Description: When testing multi-node failure scenarios, noted problem with Failed nodeid received in signal PREP_FAILREQ. Specifically there is a junk nodeid. Adding more assertions reveals that the root of the problem is in CLOSE_COMCONF handling code in QMGR which stores the same nodeid in the c_failedNodes array twice. This is then used to build a bitmap when passed to receivers of PREP_FAILREQ and they read junk as the bitmap has less set bits than the NumberOfFailedNodes indicates. Code is not commented, but guess that : Node receives PREP_FAILREQ from president for node(s) A,B Node sends CLOSE_COMREQ to CMVMI ... Node receives CLOSE_COMCONF from CMVMI Node checks whether CLOSE_COMCONF included all failed nodes If so, send PREP_FAILCONF to president If not, send PREP_FAILREF to president - there's more failures for it to commit. 'all failed nodes' is normally maintained by FAIL_REP handling.

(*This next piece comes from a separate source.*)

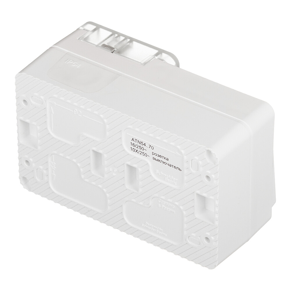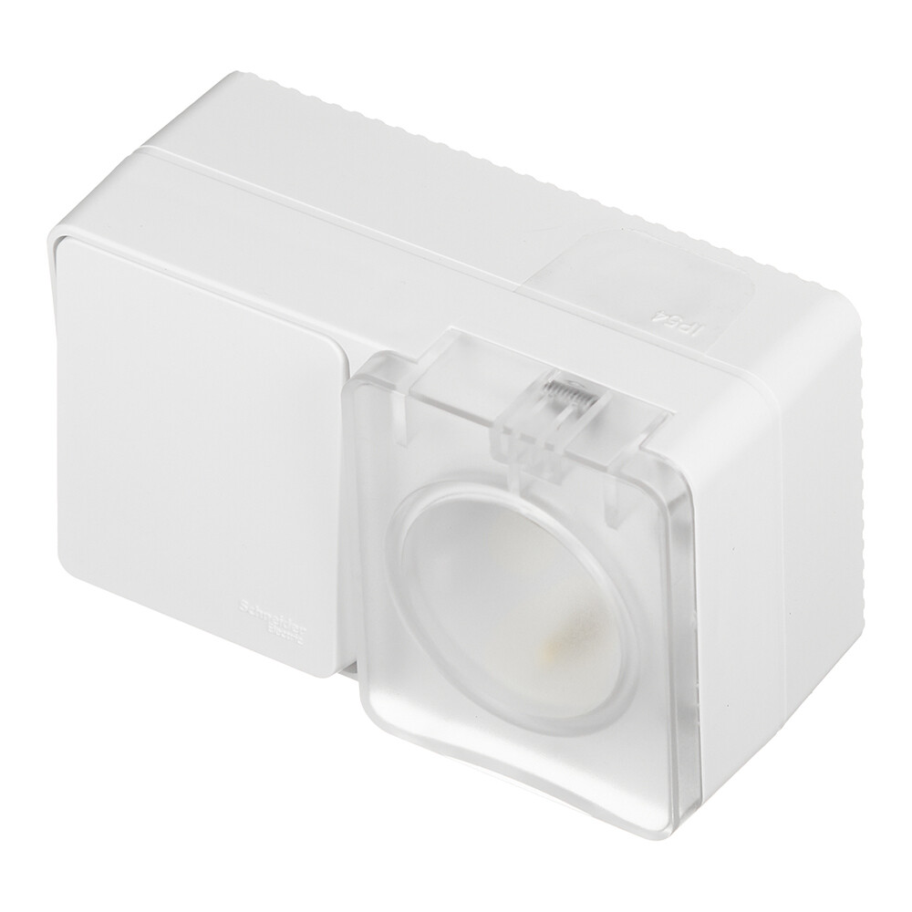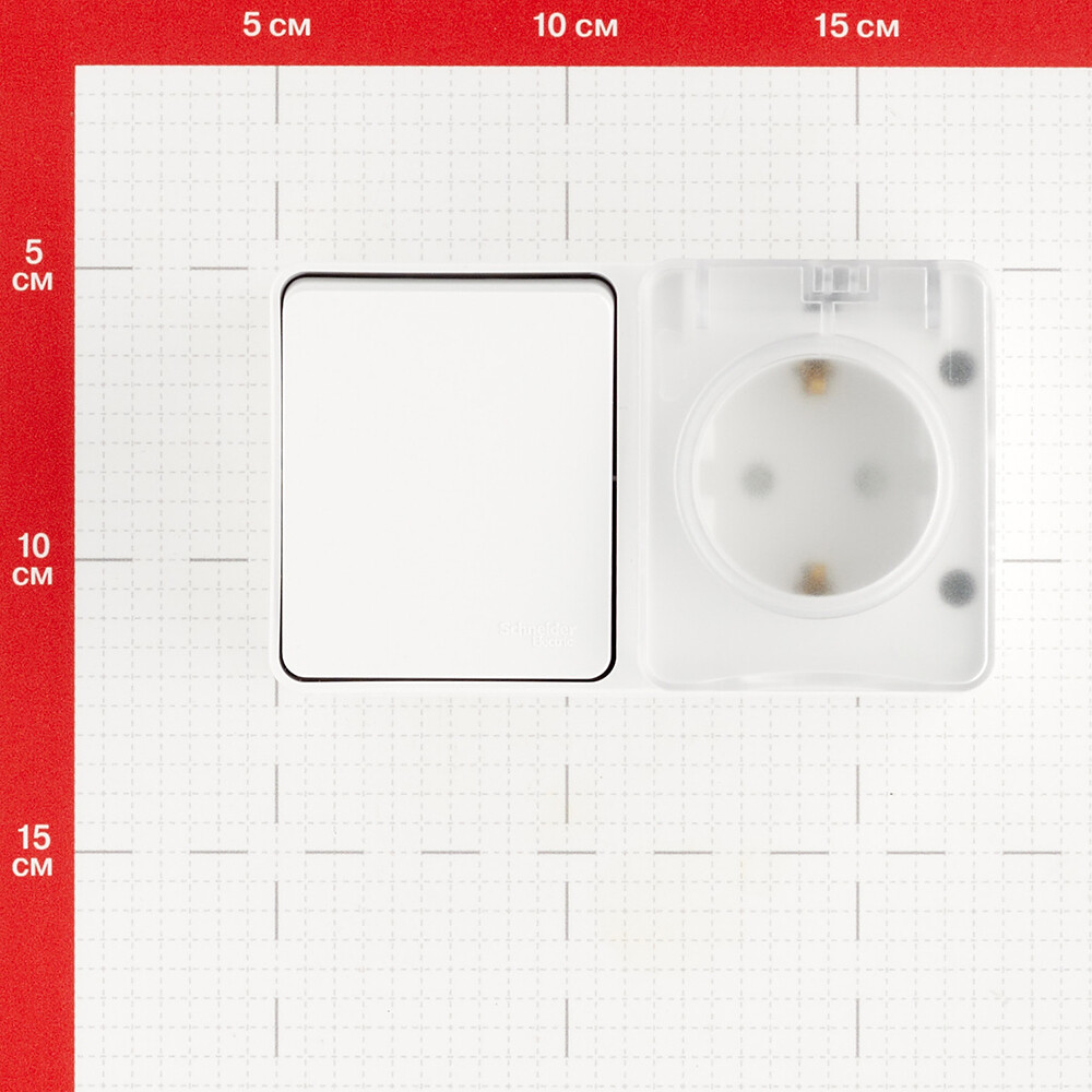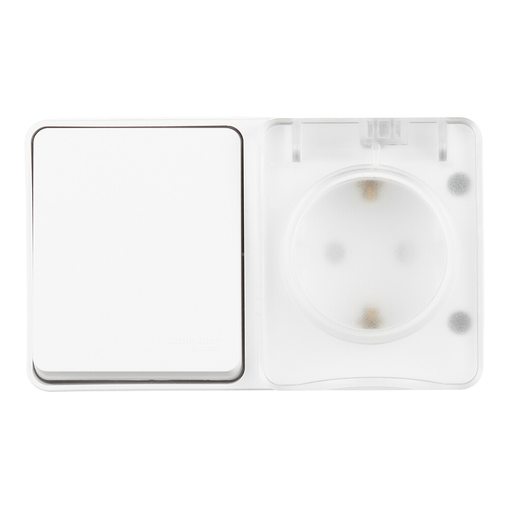 Блок выключатель и розетка Systeme Electric AtlasDesign Profi54 одноклавишный накладной белый (ATN540170)
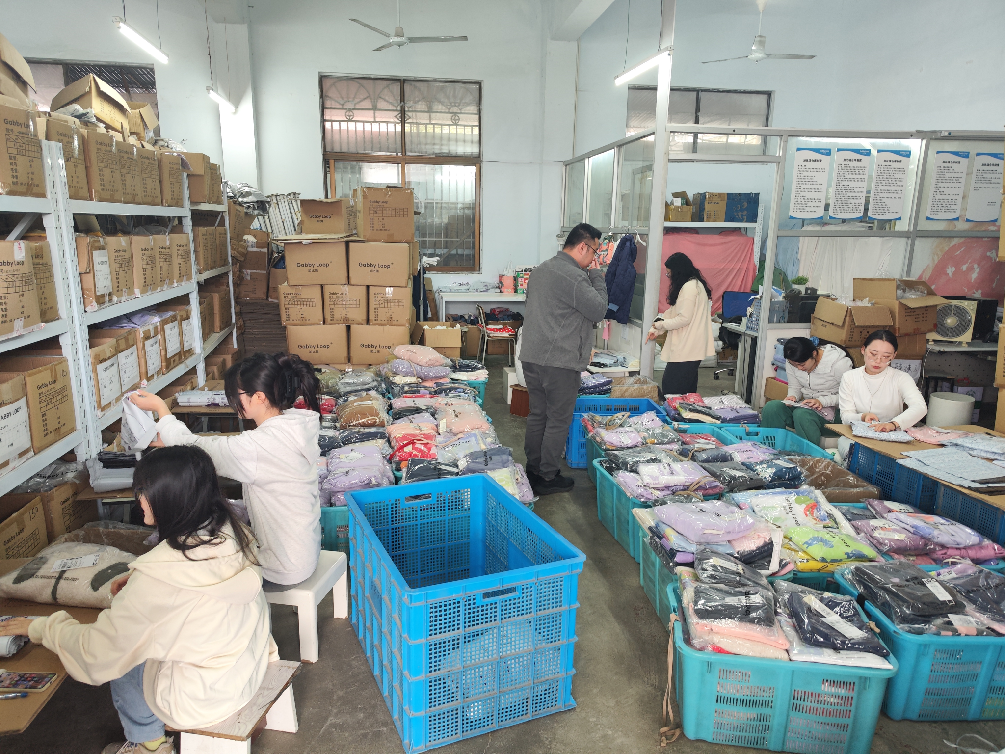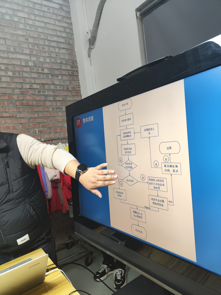 在活动现场,公司顾总和方主任热情接待了师生们,并深入浅出地介绍了仓储部门日常的工作事务及工作重点。让学生们能更全面了解外贸仓储出货的整体流程,方主任告诉大家发货大致包括四个流程(盘点、捡货、打包和扫描出货),同时还有退货后的货物重新检查、整理熨烫和重新上架。每个步骤都需要人工进行仔细核对,以免造成不必要的损失。

It's not clear that this bug is serious, as generally it is seen in a situation where the cluster is likely to fail in any case (too many nodes have failed). How to repeat: Multi-node simultaneous failure situation (suggest 4 or more nodes). Surviving nodes processing asynchronous failure notifications. Sometimes QMGR asserts. Suggested fix: There's a dubious looking loop in Qmgr::execCLOSE_COMCONF() which starts from 1 for no known reason : if (tprepFailConf == ZFALSE) { jam(); for (Tindex = 1; Tindex < MAX_NDB_NODES; Tindex++) { cfailedNodes[Tindex] = cprepFailedNodes[Tindex]; }//for This will copy prepFailedNodes to cfailedNodes, except for the first entry! As far as I can see, this should start at 0. Other dubious code here : cprepFailedNodes array overwritten with contents of CLOSE_COMREQ bitmask, and new size stored in local arrayIndex. Then, later, cprepFailedNodes updated using cnoPrepFailedNodes as an index which appears unrelated to arrayIndex. Suggest : 1) Get agreement of semantics of this code 2) Re-implement with comments.